The students in my Science Fiction Film course (English 232: Film in Focus) are screening the last film of the spring semester this weekend. This will make 16 in all, and they range from Fritz Lang’s 1927 classic Metropolis and 2001: A Space Odyssey from 1968 to contemporary cutting edge films like Bong Joon-Ho’s Okja from 2017 and Janelle Monáe’s 2018 masterpiece Dirty Computer. This group of students has been such a delight to work with as they’ve engaged and explored each new film with curiosity and rigor, bringing insights to the regular critical responses they write as well as class discussions. Now, as the course nears its conclusion, I’m doing a road test with a new assignment I just devised inspired by some of the reading and research I did during my sabbatical last semester.
This new assignment aims to challenge students to exercise their capacities for poetic imagination and algorithmic coding. Right now we inhabit a time and space where algorithms run recommender systems that suggest the next things people might like to stream or buy based on data extrapolated from what they’ve watched and how they’ve rated these films and series. Relatedly, Netflix and other services are using these algorithms to make plans for the next projects to invest in producing to stream. The codes that do this work are written and refined by people, and their effectiveness is measured by how well they work for people. It’s an exciting zone of human beings and machines collaborating—in other words, it’s a perfect place for students at a liberal arts college taking a class on science fiction film to explore.
Specifically, each student is assigned to generate 30-40 keywords for one of the films we’ve studied. The keywords might be obvious things—like the names of actors, directors, or composers as well as the settings and plot points such as alien contact or time travel—or latent things, like using a match cut at a pivotal moment (as in the most famous match cut in all cinema when the first section of 2001 jumps into the far future). They need to think of the keywords as things that would be useful to enter into a film database for the recommender systems to rake and build combinations of affinities across films.

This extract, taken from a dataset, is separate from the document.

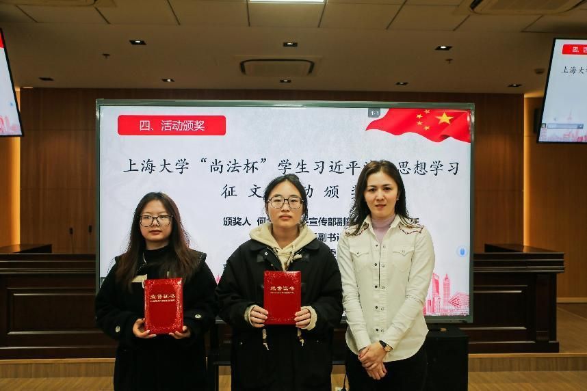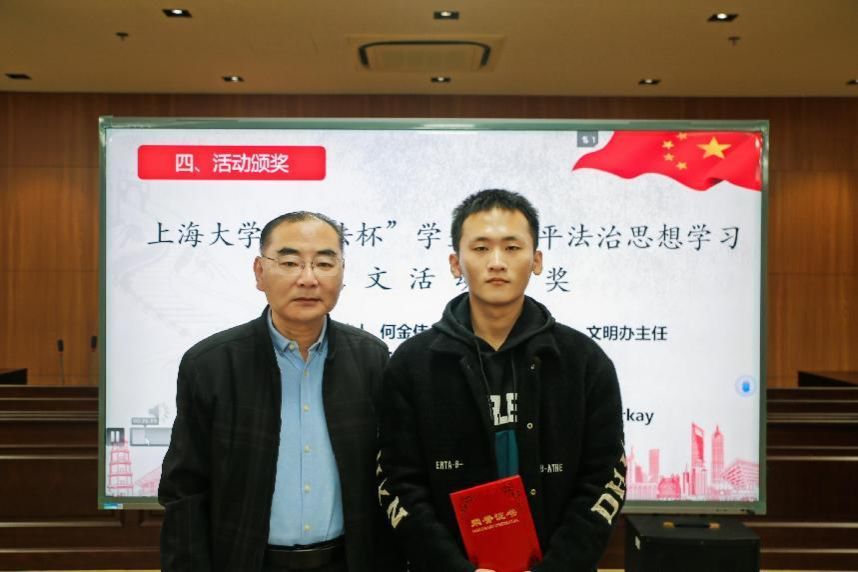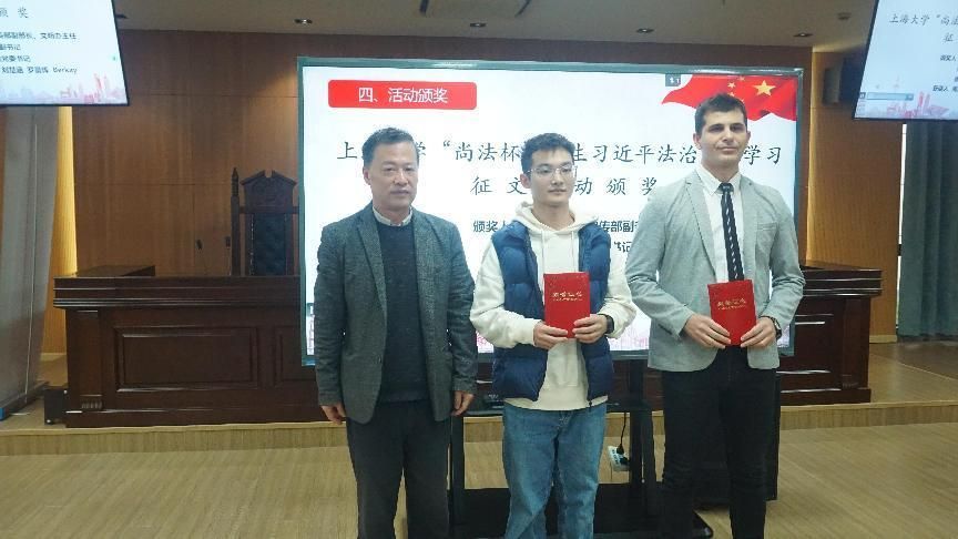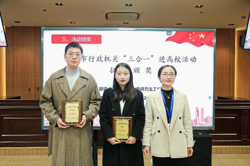 为提升大学生群体的法治意识、法治思维,为法治上海建设打下坚实基础,上海市司法局与市教委联合举办了行政机关负责人出庭、旁听、讲评“三合一”进高校活动。上海大学荣获由市司法局、市教委颁发的“三合一”进高校优秀组织奖,2名同学在征文活动中获奖。党委研究生工作部部长魏宏为法学院白居政、金娱同学颁发“三合一”进高校征文活动奖牌。

As a second part of the assignment, each student is also assigned to compose 5 original haikus about the same film. Some haikus must be about the film as a whole, some about characters, and some about one of the key techno-scientific developments that drives the narrative. Essentially, this part of the assignment is a form of analysis, just as the coding portion is. Students act as critics by breaking the film into parts and then thinking through those parts and how they fit together to interpret the film and to communicate about the film to other people. What’s more, the haiku is a sort of poem algorithm with a formal code to follow, though the output is expected to have different impacts than a recommender system. These poetic algorithms function through compression, association, line breaks, sonic pyrotechnics, rhythm, pace, and activation of various senses.
I’m eager to see what the students produce and especially what we can deduce together after a class period of performing their haikus aloud and sharing their keyword datasets. If you’ve got a favorite science fiction film and you’d like to write some haikus and/or parse it into algorithm-ready keywords, I’d love to invite you to share them here in the comments.